▸ WHAT THIS TASK INVOLVES:
If pictures appear among the lines below, leave them out while you return exactly the lines from the one with "Эти кастомные кроссовки" through the one with "Ảnh TTXVN |".

▸ EXERCISE MATERIAL:
━━━━━━━━

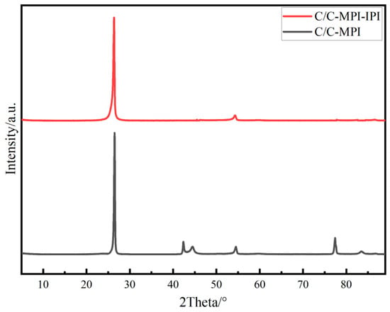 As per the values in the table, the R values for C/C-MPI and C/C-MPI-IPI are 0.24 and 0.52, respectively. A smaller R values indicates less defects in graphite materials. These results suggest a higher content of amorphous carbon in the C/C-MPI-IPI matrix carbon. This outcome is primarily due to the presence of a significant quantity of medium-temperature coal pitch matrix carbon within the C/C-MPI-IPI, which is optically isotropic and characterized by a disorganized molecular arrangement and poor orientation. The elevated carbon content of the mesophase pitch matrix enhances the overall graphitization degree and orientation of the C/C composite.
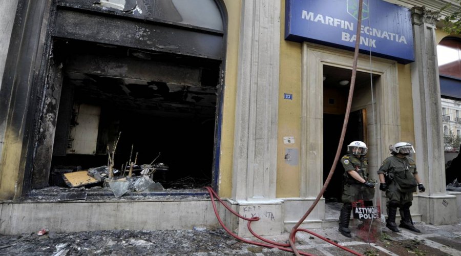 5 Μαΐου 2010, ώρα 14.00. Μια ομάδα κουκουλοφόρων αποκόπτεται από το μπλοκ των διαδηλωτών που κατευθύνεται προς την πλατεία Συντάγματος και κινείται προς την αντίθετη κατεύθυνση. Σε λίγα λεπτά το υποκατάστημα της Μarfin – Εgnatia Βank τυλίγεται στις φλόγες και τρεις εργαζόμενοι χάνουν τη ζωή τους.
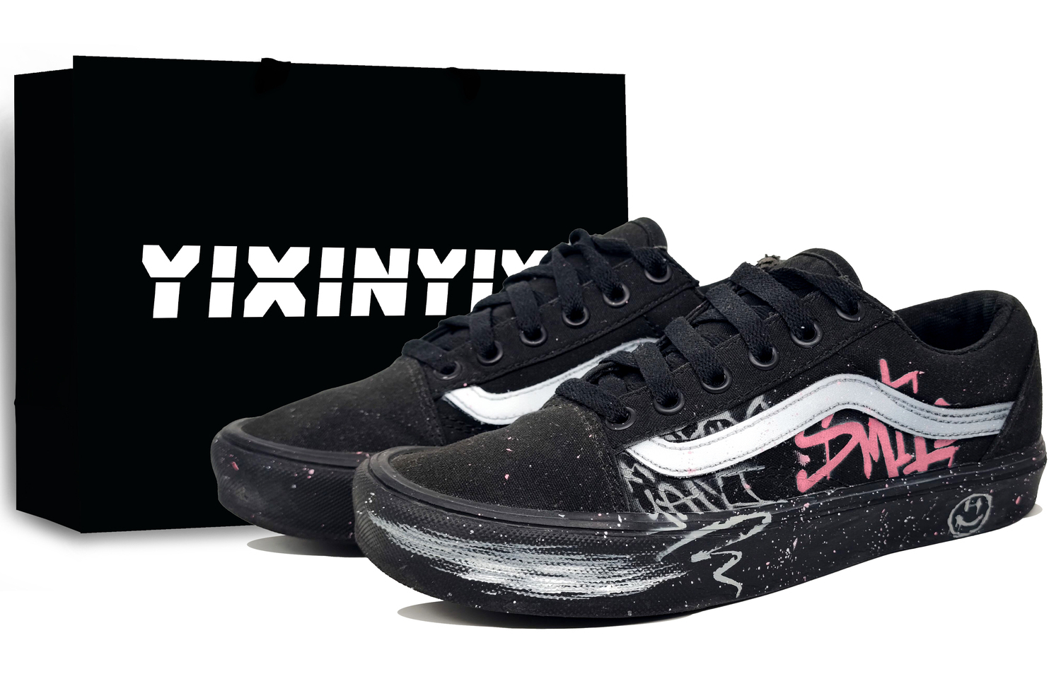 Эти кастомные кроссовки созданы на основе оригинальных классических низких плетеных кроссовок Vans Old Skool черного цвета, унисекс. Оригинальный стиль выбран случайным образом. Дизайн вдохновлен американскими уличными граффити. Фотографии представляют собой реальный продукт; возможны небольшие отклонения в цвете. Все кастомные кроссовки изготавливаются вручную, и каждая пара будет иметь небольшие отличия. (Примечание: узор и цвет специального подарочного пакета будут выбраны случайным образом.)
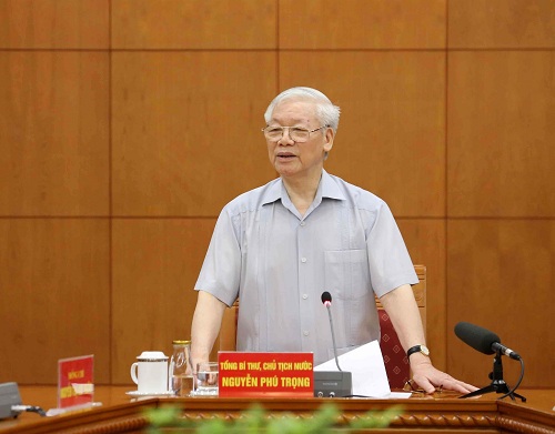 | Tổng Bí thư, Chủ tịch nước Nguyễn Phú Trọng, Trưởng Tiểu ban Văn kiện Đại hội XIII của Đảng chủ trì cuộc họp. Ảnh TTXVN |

━━━━━━━━

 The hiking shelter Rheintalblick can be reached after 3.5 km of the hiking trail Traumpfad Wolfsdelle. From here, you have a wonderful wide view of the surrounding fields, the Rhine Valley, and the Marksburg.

━━━━━━━━

▸ SOLUTION:
 Эти кастомные кроссовки созданы на основе оригинальных классических низких плетеных кроссовок Vans Old Skool черного цвета, унисекс. Оригинальный стиль выбран случайным образом. Дизайн вдохновлен американскими уличными граффити. Фотографии представляют собой реальный продукт; возможны небольшие отклонения в цвете. Все кастомные кроссовки изготавливаются вручную, и каждая пара будет иметь небольшие отличия. (Примечание: узор и цвет специального подарочного пакета будут выбраны случайным образом.)
 | Tổng Bí thư, Chủ tịch nước Nguyễn Phú Trọng, Trưởng Tiểu ban Văn kiện Đại hội XIII của Đảng chủ trì cuộc họp. Ảnh TTXVN |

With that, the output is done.